Problem to work on
Line by line, copy the records below exactly and leave the pictures out.

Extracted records
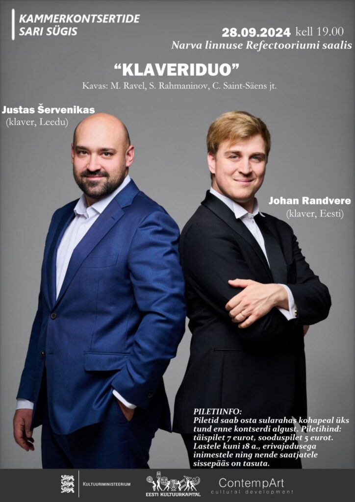 28 сентября в 19:00 в зале Рефекториум Нарского музея, в цикле осенних камерных концертов, пройдёт концерт «Фортепианный дуэт», где Йохан Рандевере (фортепиано, Эстония) и Юстас Шервеникас (фортепиано, Литва) исполнят произведения М. Равеля, С. Рахманинова, К. Сен-Санса и других.
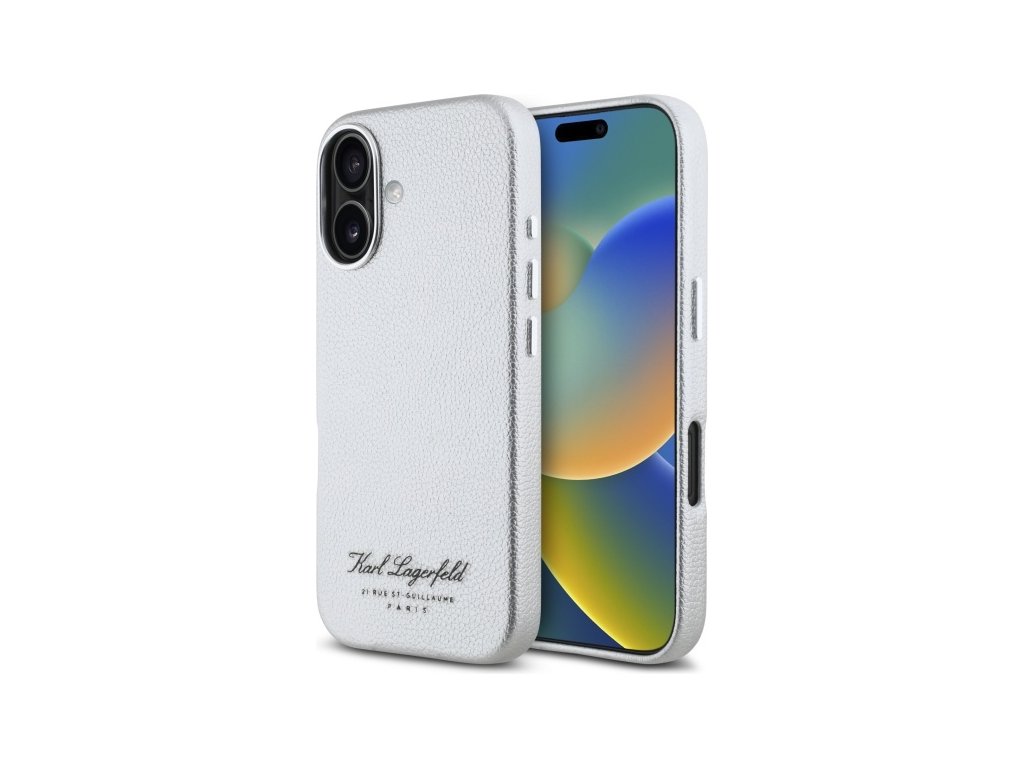 Karl Lagerfeld kožený kryt "Leather Hotel" pro iPhone 16 (KLHCP16SPGWCMKHG) - šedý RSG
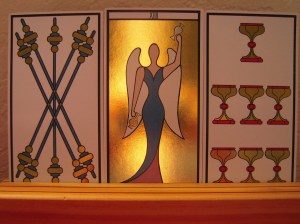 A friend organized a show of original tarot art in 1996 and invited Benedetti to participate. He created a 78-card deck the same size as the original using Bonifacio Bembo’s 15th-century technique of tempera paint over gold and silver leaf, painstakingly applied by hand to cardboard. He also created twenty-two over-sized trumps which he framed and entered into the 1996 exhibit. The Hermit shown here is an example of how genuine gold gives a heavenly glow to the cards. I’m rather amazed that Benedetti actually shuffles and reads with his one-of-a-kind gold deck. He applied the gold leaf to a red background, so if the gold wears off from shuffling, the red will show through just like it does in the worn V-S cards. But Benedetti had access to a paint fixative unknown to Bembo so the cards are holding up well with daily shuffling.
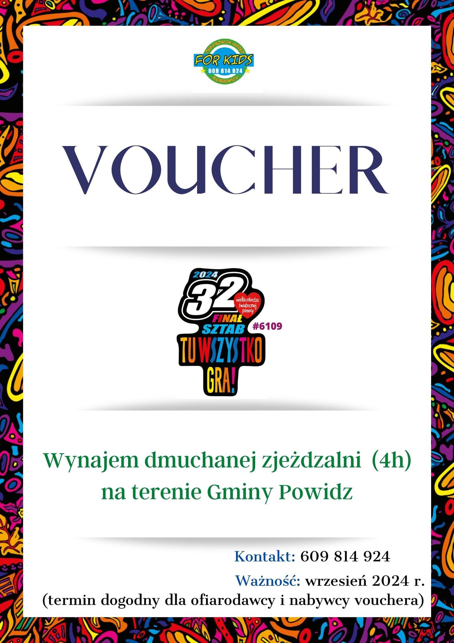– voucher na wynajem dmuchanej zjeżdżalni (4h) na terenie Gminy Powidz,
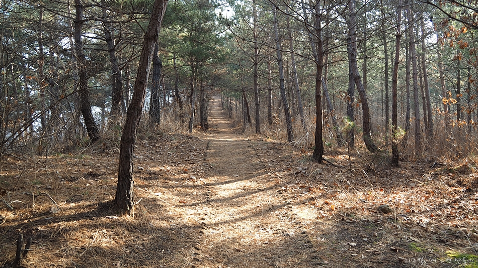 경사진 비탈길을 내려오면 좌측으로 임도와 나란히 걷다가 조금 후 임도와 만나게 되네요.
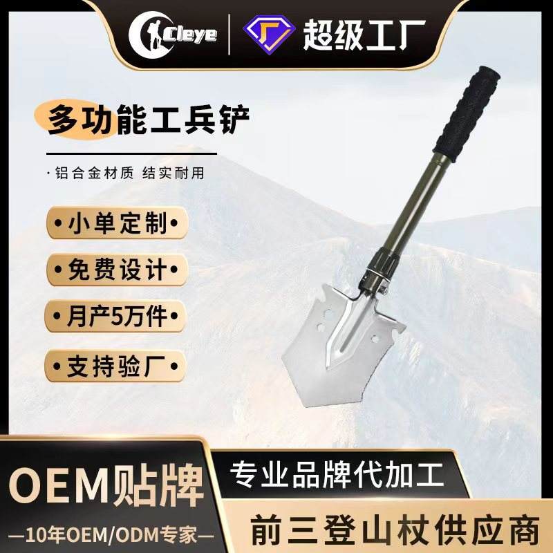 พลั่วสแตนเลสพับได้อเนกประสงค์ 4 ใน 1 สำหรับการตั้งแคมป์กลางแจ้งใช้ในกรณีฉุกเฉินพร้อมด้ามจับตามหลักสรีรศาสตร์

Response for this exercise
 28 сентября в 19:00 в зале Рефекториум Нарского музея, в цикле осенних камерных концертов, пройдёт концерт «Фортепианный дуэт», где Йохан Рандевере (фортепиано, Эстония) и Юстас Шервеникас (фортепиано, Литва) исполнят произведения М. Равеля, С. Рахманинова, К. Сен-Санса и других.
 Karl Lagerfeld kožený kryt "Leather Hotel" pro iPhone 16 (KLHCP16SPGWCMKHG) - šedý RSG
 A friend organized a show of original tarot art in 1996 and invited Benedetti to participate. He created a 78-card deck the same size as the original using Bonifacio Bembo’s 15th-century technique of tempera paint over gold and silver leaf, painstakingly applied by hand to cardboard. He also created twenty-two over-sized trumps which he framed and entered into the 1996 exhibit. The Hermit shown here is an example of how genuine gold gives a heavenly glow to the cards. I’m rather amazed that Benedetti actually shuffles and reads with his one-of-a-kind gold deck. He applied the gold leaf to a red background, so if the gold wears off from shuffling, the red will show through just like it does in the worn V-S cards. But Benedetti had access to a paint fixative unknown to Bembo so the cards are holding up well with daily shuffling.
– voucher na wynajem dmuchanej zjeżdżalni (4h) na terenie Gminy Powidz,
 경사진 비탈길을 내려오면 좌측으로 임도와 나란히 걷다가 조금 후 임도와 만나게 되네요.
 พลั่วสแตนเลสพับได้อเนกประสงค์ 4 ใน 1 สำหรับการตั้งแคมป์กลางแจ้งใช้ในกรณีฉุกเฉินพร้อมด้ามจับตามหลักสรีรศาสตร์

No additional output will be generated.